::: PROVIDED INFORMATION :::

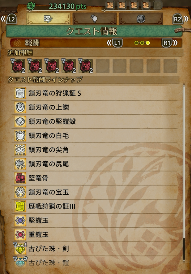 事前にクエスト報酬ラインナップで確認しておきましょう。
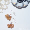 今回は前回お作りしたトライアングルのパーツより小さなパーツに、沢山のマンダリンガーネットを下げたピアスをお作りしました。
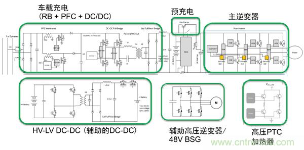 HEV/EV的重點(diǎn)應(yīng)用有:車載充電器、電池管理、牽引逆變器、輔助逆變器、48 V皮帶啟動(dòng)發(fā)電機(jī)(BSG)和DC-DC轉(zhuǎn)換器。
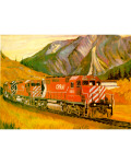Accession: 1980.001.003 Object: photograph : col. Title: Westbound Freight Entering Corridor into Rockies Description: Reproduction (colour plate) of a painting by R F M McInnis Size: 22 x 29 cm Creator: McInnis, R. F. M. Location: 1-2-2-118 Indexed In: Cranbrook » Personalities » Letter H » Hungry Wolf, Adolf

:::
::: PROVIDED INFORMATION :::

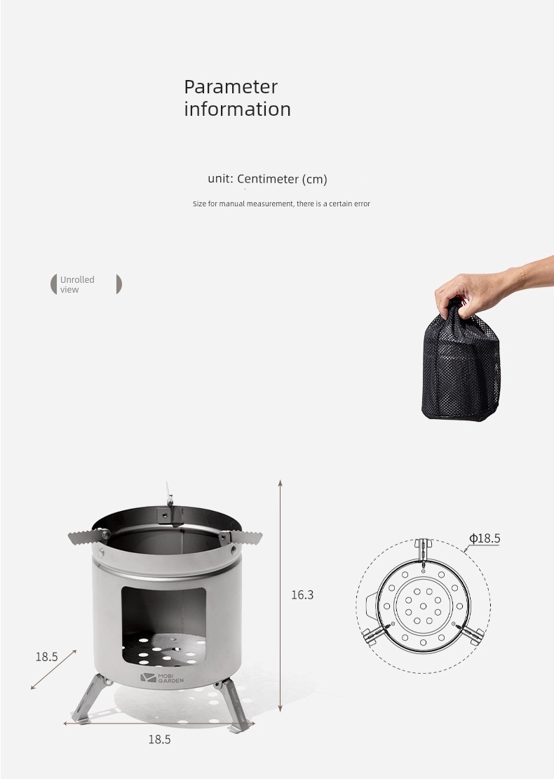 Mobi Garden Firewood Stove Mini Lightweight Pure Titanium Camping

:::

**WORK REQUEST**
With the pictures omitted, print the lines above exactly, beginning at the line with "今回は前回お作りしたトライア" and going on through the line with "HEV/EV的重點(diǎn".

**SOLUTION TO THIS TASK**
 今回は前回お作りしたトライアングルのパーツより小さなパーツに、沢山のマンダリンガーネットを下げたピアスをお作りしました。
 HEV/EV的重點(diǎn)應(yīng)用有:車載充電器、電池管理、牽引逆變器、輔助逆變器、48 V皮帶啟動(dòng)發(fā)電機(jī)(BSG)和DC-DC轉(zhuǎn)換器。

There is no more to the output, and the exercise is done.